Accident #2: An Su-24 crashed while landing, with both crew members surviving.
Screwup #3 did not involve a bang. Quite the opposite. A woman and five companions managed to waltz into a plant for manufacturing engines for strategic rockets, snapping pictures all the while. Not once, mind you. Five times.
Blogger Lana Sator said she and friends met not a soul, much less any security guards, as they roamed around state rocket-maker Energomash’s plant, snapping pictures, on five separate night-time excursions in recent months.
She posted almost 100 pictures of decrepit-looking hardware from inside a rusted engine-fuel testing tower, the plant’s control room and even its roof at lana-sator.livejournal.com
Russian media cited a senior space agency official, speaking anonymously, who described the breach as a shock of the same scale as German pilot Mathias Rust’s brazen Cessna flight under Soviet radar to land on Red Square in 1987.
“It showed a complete inability to protect anything whatsoever,” the official told Izvestia. Space agency Roskosmos declined comment on the incident when reached by Reuters.
But don’t worry! Rogozin has ordered an investigation! [And don’t even think about snapping a photograph in a government office or a polling place or any other random place–like a supermarket, in some cases–unless you want a confrontation and a potential interaction with law enforcement. Priorities, don’t you know.]
Methinks that soon Dmitry will pine for the days when all he had to do was vent at NATO and the US, rather than actually, like, you know, do something. Dmitry Gorenburg (at Russian Military Reform–an optimistic title, no?) thinks so too:
These two accidents may serve as an early test for Dmitry Rogozin, the newly appointed Deputy Premier in charge of the defense industry. If he wants to show from the start that he is serious about shaking things up, he may use them as an excuse to push through a major house-cleaning of the industry, parts of which are known to have lax quality control and safety standards. Or he may continue to make strong statements that receive a great deal of media attention with little to no follow through, as he did in his previous position as Russia’s ambassador to NATO.
Good luck with that.
2011 was littered with disasters in Russia. The entire year: it’s not just for August any more. In the air, with several horrific air crashes. In space, with a handful of spectacular launch failures. And, as noted above, on the waters. The Russian disaster triad.

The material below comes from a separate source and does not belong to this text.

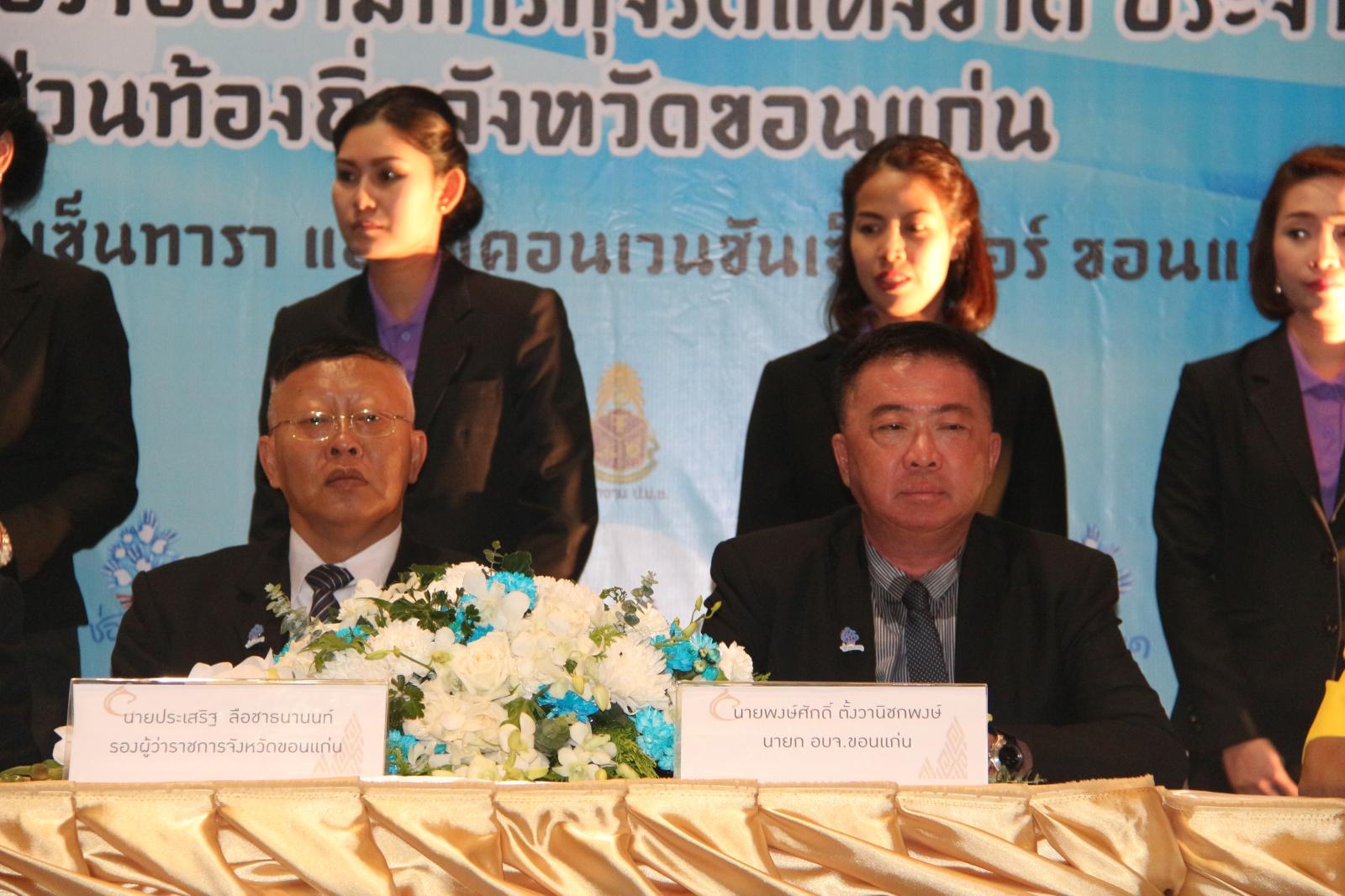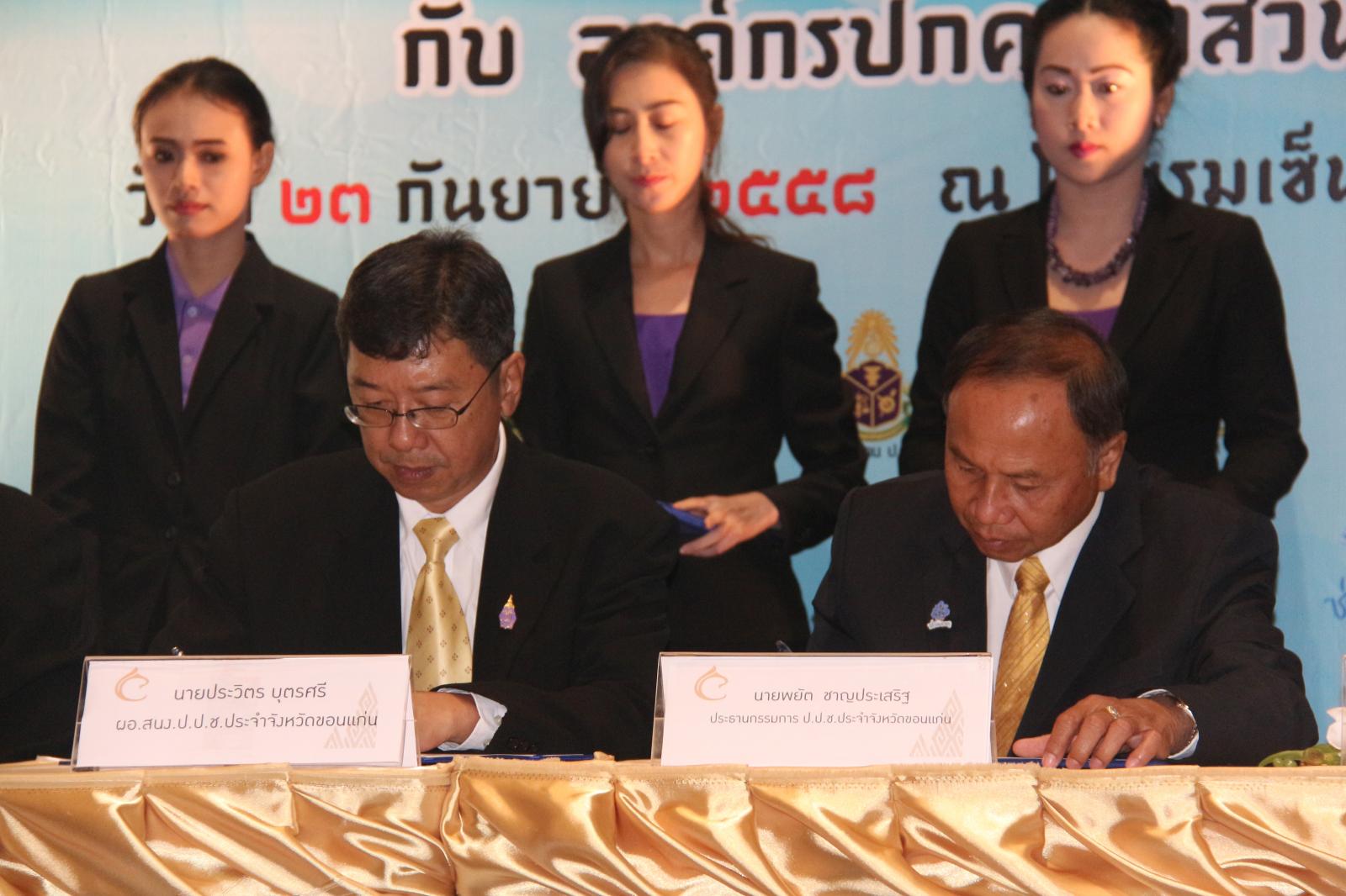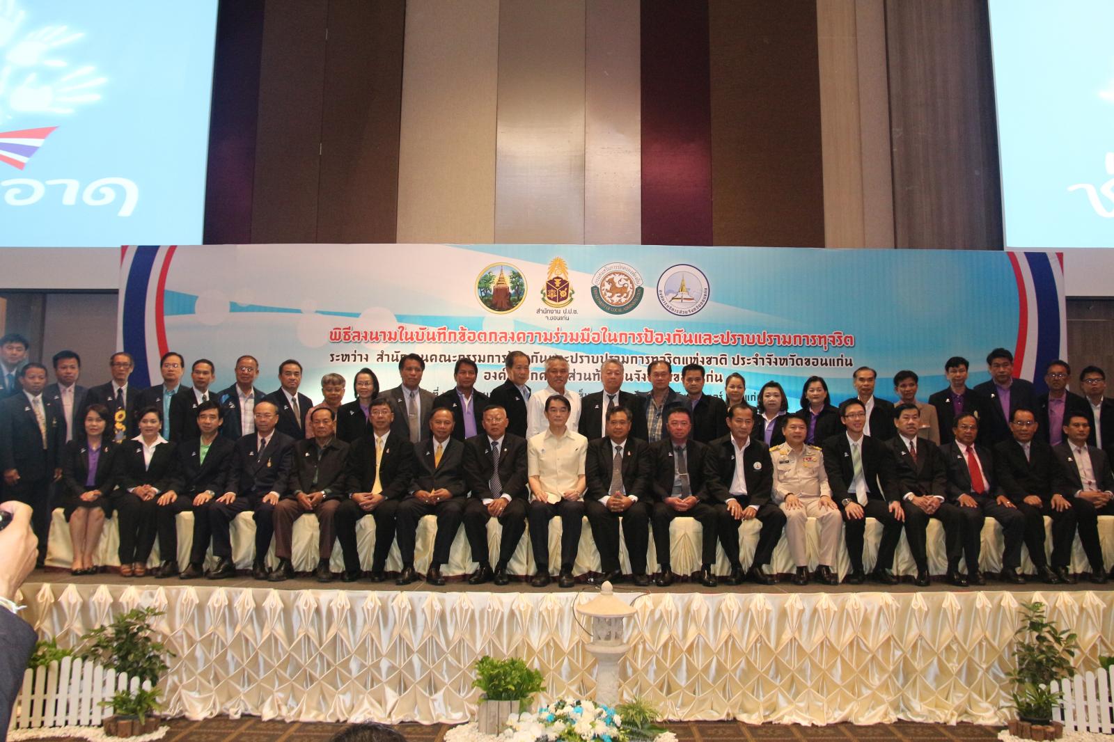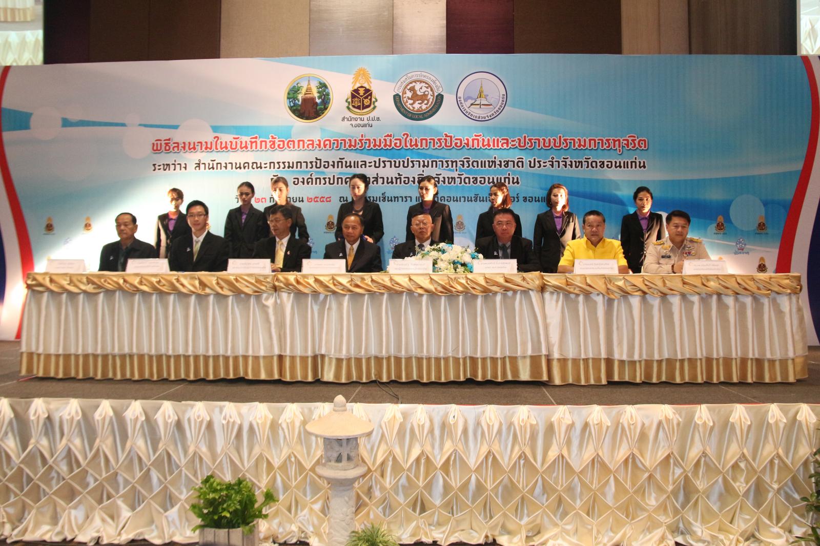 ในโอกาสนี้ องค์การบริหารส่วนจังหวัดขอนแก่น โดย นายก อบจ.ขอนแก่น ดร.พงษ์ศักดิ์ ตั้งวานิชกพงษ์ จัดให้มีพิธีลงนามบันทึกข้อตกลงความร่วมมือในการป้องกันและปราบปรามการทุจริต ระหว่าง สำนักงานคณะกรรมการป้องกันและปราบปรามการทุจริตแห่งชาติ ประจำจังหวัดขอนแก่น กับ องค์กรปกครองส่วนท้องถิ่นจังหวัดขอนแก่น โดยมี รองผู้ว่าราชการจังหวัดขอนแก่น นายประเสริฐ ลือชาธนานนท์ พร้อมด้วย ประธานกรรมการ ป.ป.ช.ขอนแก่น นายพยัต ชาญประเสริฐ ,ผู้อำนวยการสำนักงาน ป.ป.ช.ประจำจังหวัดขอนแก่น นายประวิตร บุตรศรี ,นายก อบจ.ขอนแก่น ดร.พงษ์ศักดิ์ ตั้งวานิชกพงษ์ ,นายกเทศมนตรีตำบลท่าพระ นายพิสุทธิ์ อนุตรอังกูร ,รองปลัดเทศบาลนครขอนแก่น นายกฤษณวรุณ ไชยนิจ ,นายก อบต.คำแคน นายหาญ อุปถัมภ์ และนายกเทศมนตรีเมืองบ้านไผ่ นายแพทย์เปรมศักดิ์ เพียยุระ เป็นผู้ร่วมลงนาม ทั้งนี้มีสมาชิกสภาองค์การบริหารส่วนจังหวัดขอนแก่น พร้อมด้วย คณะผู้บริหาร หัวหน้าส่วนราชการ ข้าราชการ ข้าราชการครูโรงเรียนในสังกัดองค์การบริหารส่วนจังหวัดขอนแก่น ทั้งนี้มีผู้แทนจากองค์กรปกครองส่วนท้องถิ่นทุกแห่งในเขตพื้นที่ จังหวัดขอนแก่น คณะกรรมการ ป.ป.ช.ประจำจังหวัดขอนแก่น ตลอดจนสื่อมวลชนทุกแขนง ในจังหวัดขอนแก่น ร่วมเป็นเกียรติในพิธี ณ โรงแรมเซ็นทราราคอนเวนชั่นเซ็นเตอร์ขอนแก่น

The only real notable success to counter this litany of catastrophes is the Bulava missile, which experienced three successful test launches in the last several months of the year, and is on the verge of being operational. This success, when contrasted with the other disasters, only cements Russia’s reputation as Upper Volta with missiles.
*My mistake, in haste: The Yekaterinburg is an SSBN in US Navy nomenclature (B=ballistic for ballistic missile sub). Interesting that Citizen M had a post on the Robert Amsterdam blog a couple of hours after mine that (a) used the exact phrase “Delta IV class SSN Yekaterinburg”, (b) is titled “Submarine Fire Caps Year of Disasters”–the theme of my post, but (c) doesn’t acknowledge or link to this post. Google “Delta IV class SSN Yekaterinburg” (in quotes) and you get two hits–my post and the RA post. I wonder if Citizen M knows a Delta IV from a Delta faucet: if s/he did, s/he might have corrected my SSN vs. SSBN error.
I appreciate people reading and quoting material from the blog, but links and acknowledgement are the blog-socially correct courtesies. This happens with some frequency (and is not limited to blogs–I’ve had international publications lift material without attribution) and it is just annoying.
Update: Citizen M updated the RA post to include a link and a kind word to SWP. Thanks.